Durante il ventesimo secolo, ha prevalso un approccio scientifico alla malattia. Nel secondo dopoguerra in particolare, la ricerca medica ha vissuto una stagione di grande progresso in diversi ambiti, tra cui quello degli psicofarmaci. Nello stesso periodo, molte persone con demenza sono state inserite nei reparti psichiatrici quando il loro comportamento sembrava inspiegabile e trattate con farmaci psicoattivi. Più tardi, le persone con demenza hanno iniziato a vivere in case di cura dove si pratica il cosiddetto “orientamento alla realtà” (Holden e Woods 1988). L’approccio ha lo scopo di calmare e ridurre il disorientamento ma, nei fatti, implica che la persona con demenza venga “corretta” quando dice qualcosa di non adeguato. L’utilizzo di questa pratica ha inoltre l’effetto di far provare alla persona con demenza sentimenti di dolore anche più volte al giorno, ad esempio quando le viene chiesto dove si trovi la propria madre e le viene detto che è morta molto tempo prima.
Negli anni Ottanta, Tom Kitwood ha iniziato a lavorare con l’approccio centrato sulla persona, in un momento in cui al posto del paradigma biomedico inizia ad affermarsi un approccio più psicosociale alla salute delle persone in generale e di quelle con demenza in particolare.
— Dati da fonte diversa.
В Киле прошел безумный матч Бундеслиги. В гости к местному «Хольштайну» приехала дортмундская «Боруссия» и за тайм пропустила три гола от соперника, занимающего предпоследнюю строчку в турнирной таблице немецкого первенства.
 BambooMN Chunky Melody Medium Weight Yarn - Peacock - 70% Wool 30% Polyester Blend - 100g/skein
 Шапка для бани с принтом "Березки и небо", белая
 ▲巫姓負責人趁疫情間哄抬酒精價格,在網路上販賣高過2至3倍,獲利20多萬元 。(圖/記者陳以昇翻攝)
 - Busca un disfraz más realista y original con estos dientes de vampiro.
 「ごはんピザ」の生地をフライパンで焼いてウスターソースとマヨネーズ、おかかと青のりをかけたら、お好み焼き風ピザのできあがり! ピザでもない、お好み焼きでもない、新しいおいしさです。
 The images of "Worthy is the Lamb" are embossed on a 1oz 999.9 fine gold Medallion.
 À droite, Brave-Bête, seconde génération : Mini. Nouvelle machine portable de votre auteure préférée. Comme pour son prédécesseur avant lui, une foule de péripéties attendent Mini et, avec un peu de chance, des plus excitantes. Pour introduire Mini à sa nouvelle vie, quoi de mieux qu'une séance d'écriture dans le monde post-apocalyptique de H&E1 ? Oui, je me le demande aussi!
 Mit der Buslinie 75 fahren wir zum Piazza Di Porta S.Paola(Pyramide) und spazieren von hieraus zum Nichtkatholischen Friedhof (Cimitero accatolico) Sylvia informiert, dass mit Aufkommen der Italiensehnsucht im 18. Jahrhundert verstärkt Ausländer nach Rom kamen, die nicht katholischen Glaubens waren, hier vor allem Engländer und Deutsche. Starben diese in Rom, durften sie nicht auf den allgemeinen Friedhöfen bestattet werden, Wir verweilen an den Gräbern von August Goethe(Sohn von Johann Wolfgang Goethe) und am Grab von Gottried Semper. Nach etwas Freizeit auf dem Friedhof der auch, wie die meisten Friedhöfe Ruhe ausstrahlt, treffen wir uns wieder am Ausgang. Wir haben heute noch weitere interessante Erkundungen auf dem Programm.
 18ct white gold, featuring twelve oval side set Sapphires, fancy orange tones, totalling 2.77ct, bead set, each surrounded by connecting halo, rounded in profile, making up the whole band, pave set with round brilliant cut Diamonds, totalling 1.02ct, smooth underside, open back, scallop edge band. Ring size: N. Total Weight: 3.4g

Tom Kitwood costruisce il suo modello a partire dal lavoro del filosofo tedesco Martin Buber sulla relazione tra le persone come una relazione “Io-tu”, al contrario di un rapporto “Io-esso”, con una revisione della relazione con la persona malata. Anche il lavoro dello psicologo Carl Roger sull’approccio centrato sulla persona nella relazione terapeutica ha avuto una grande influenza su questo modello. L’approccio centrato sulla persona di Tom Kitwood dovrebbe essere visto come una critica agli approcci e ai trattamenti delle persone con demenza che enfatizzano solo la disabilità e la malattia della persona.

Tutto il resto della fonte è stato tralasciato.